Reducing memory consumption for small p large N mixture model

Small p, large n: any tricks to reduce memory consumption? Here’s a simplified version of my model (two component mixture of a uniform + Beta):

data {
  int<lower=0> N;
  vector[N] x;
}
parameters {
  real<lower=0,upper=1> pi0;
  real<lower=0, upper=1> alpha;
  real<lower=1> beta;
}
model {
  vector[N] summands;
  for(i in 1:N) {
    summands[i] = log_sum_exp(log(pi0) + beta_lpdf(x[i] | 1, 1), log1m(pi0) + beta_lpdf(x[i] | alpha, beta));
  }
  target += sum(summands);
}

So I have only p=3 real parameters, but for my application in genetics N can be ~1e8. With N=1e7 x should occupy ballpark 80Mb, but running optimizing at this scale takes ~3Gb and a similar but slightly more involved model (https://github.com/davidaknowles/pisquared/blob/master/inst/stan/pi2.stan) takes 8Gb, and with roughly linear scaling (seemingly) in N this makes running with N=1e8 have a very heavy memory profile.
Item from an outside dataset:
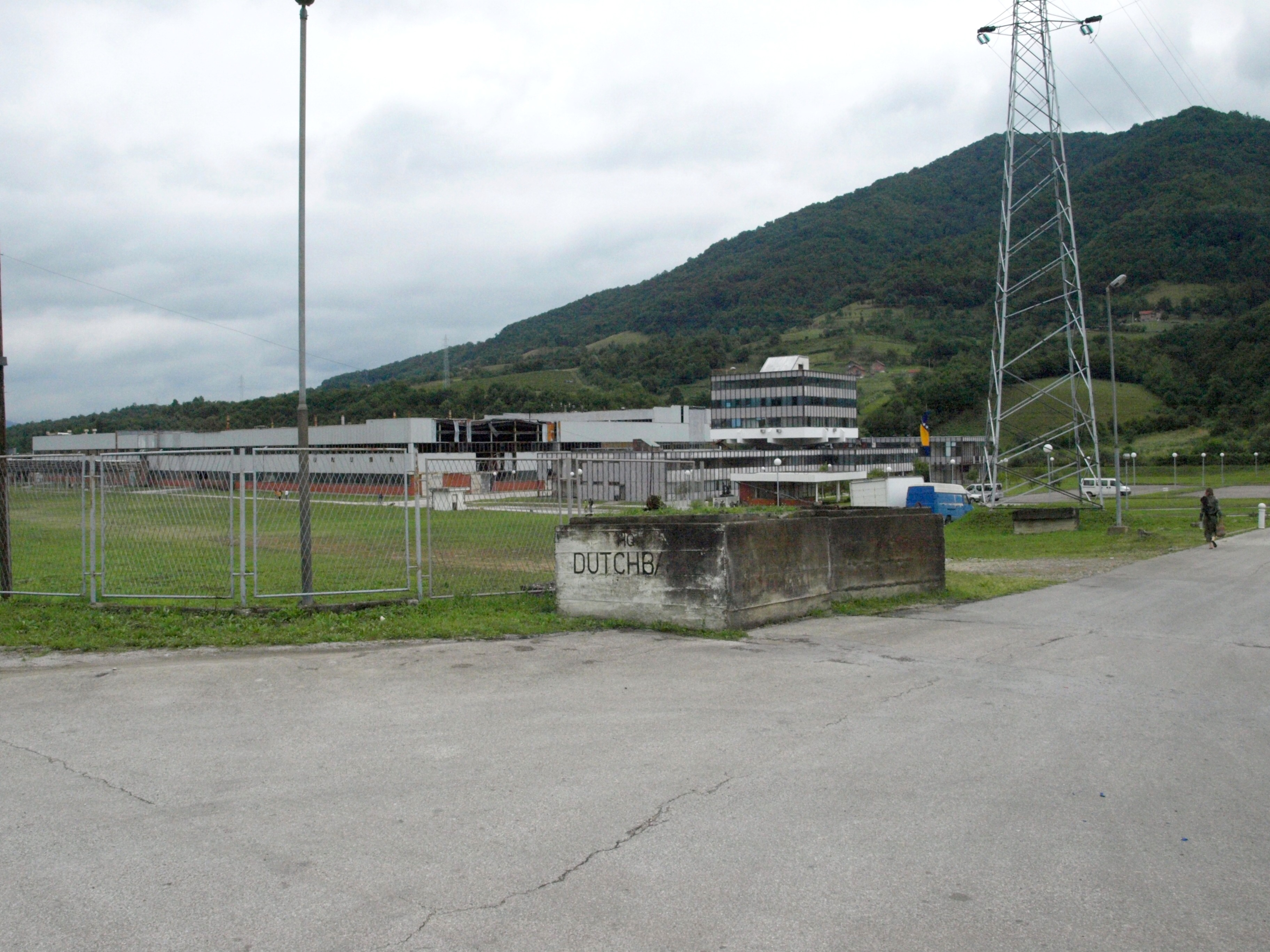 Compound of the former Dutch battalion ("Dutchbat") headquarters near Srebrenica/Potočari in Bosnia and Herzegovina

So, are there any tricks I could be employing to get the memory footprint down? My understanding is I can’t currently switch out double real for floats?

Would it help to avoid building summand by doing target+= directly inside the loop?

My other guess would be vecotorizing the expression by not indexing x.

Ha, that’s actually how I had it originally (with target += inside the loop). The docs here suggest the summand version above should be preferable - from what I can tell it doesn’t make a difference. My attempt at reading the generated C++ suggests you end up getting the same thing.

I don’t know how to vectorize: beta_lpdf(x | 1, 1) gives the sum of individual log likelihood terms whereas you need the individual terms.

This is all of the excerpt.